WHEN OBAMA MET SALLY: Good lord, what a brilliant answer! Here we see it once again—Barack Obama’s sheer brilliance:
STEPHANOPOULOS (5/13/07): Valerie Jared, a good friend of the family, says you told her in your Senate race, “I just think I have some special qualities and wouldn't it be a shame to waste them?”

OBAMA: That—I think I probably did say that.

STEPHANOPOULOS: What are they?

OBAMA: I think that I have the capacity to get people to recognize themselves in each other.
You can be fairly sure of one thing, if you care about this—no consultant devised that answer. We recalled Obama’s statement at the 2004 Dem Convention: People in red states do blue-state things, and people in blue states do things which are red. At the time, we marveled at the fact that he had said it. And at the fact that other pols don’t.

That brilliance is Obama’s upside. But his downside includes his youth and inexperience—and the chance that the RNC could Dukakis-ize him, make him seem alien. That said, the Obama campaign has given Sally Quinn what she sought in that much-maligned column (see THE DAILY HOWLER, 5/11/07). As becomes clear in this report by Lynn Sweet, they accepted Quinn’s good sound advice and began to brag and boast about his veteran advisers.
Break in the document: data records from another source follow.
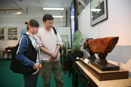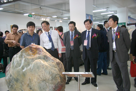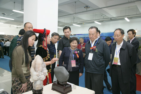 在参观过程中,各位嘉宾认真听取了工作人员的介绍,不时为精美的石头发出阵阵赞叹声,为大自然的神奇所叹服。许多观众纷纷拿起手中的相机,或拍下精美的观赏石,或在观赏石前合影留念。体现奥运主题的“2008北京”、“舞动北京-中国印”、“人文奥运”等珍稀少见的特种石格外引人瞩目,让游人驻足留恋。
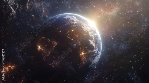 © Pannee, Fototapeta premium Earth from a distant perspective in space, surrounded by stars and illuminated by the sun.
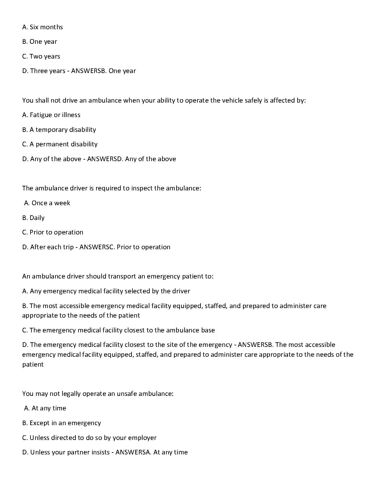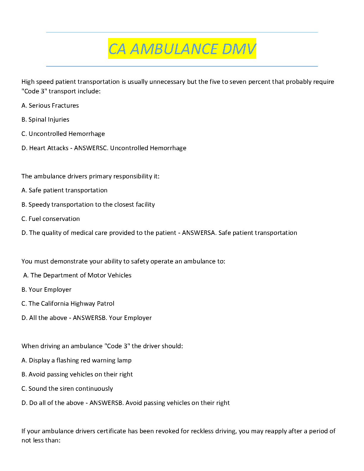 Ace your California Ambulance Driver certification test with this comprehensive test bank. This resource provides a detailed collection of practice questions and answers, mirroring the format and content of the official CA DMV Ambulance Driver exam. Master key topics such as Code 3 operations, patient transport responsibilities, safety procedures, and state regulations. Study effectively and gain the confidence you need to pass your exam on the first try and earn your certificate.

This was a smart thing to do. (They should do it again.) It’s smart when we take good advice.

FRANKLY, THAT’S RICH: Ugh! Yesterday’s column helps explain why we don’t think a lot of Frank Rich around here. Here’s the way he started that column. Frankly, to us, this is Rich:
RICH (5/13/07): Of course you didn't watch the first Republican presidential debate on MSNBC. Even the party's most loyal base didn't abandon Fox News, where Bill O'Reilly, interviewing the already overexposed George Tenet, drew far more viewers. Yet the few telling video scraps that entered the 24/7 mediasphere did turn the event into an instant ''Saturday Night Live'' parody without ''SNL'' having to lift a finger. The row of 10 middle-aged white candidates, David Letterman said, looked like ''guys waiting to tee off at a restricted country club.''

Since then, panicked Republicans have been either blaming the ''Let's Make a Deal'' debate format or praying for salvation-by-celebrity in the form of another middle-aged white guy who might enter the race, Fred Thompson. They don't seem to get that there is not another major brand in the country—not Wal-Mart, not G.E., not even Denny's nowadays—that would try to sell a mass product with such a demographically homogeneous sales force.
Pandering hard to liberal readers, Rich complained about the ten white guys on the GOP stage. According to Rich, “there is not another major brand in the country...that would try to sell a mass product with such a demographically homogeneous sales force.”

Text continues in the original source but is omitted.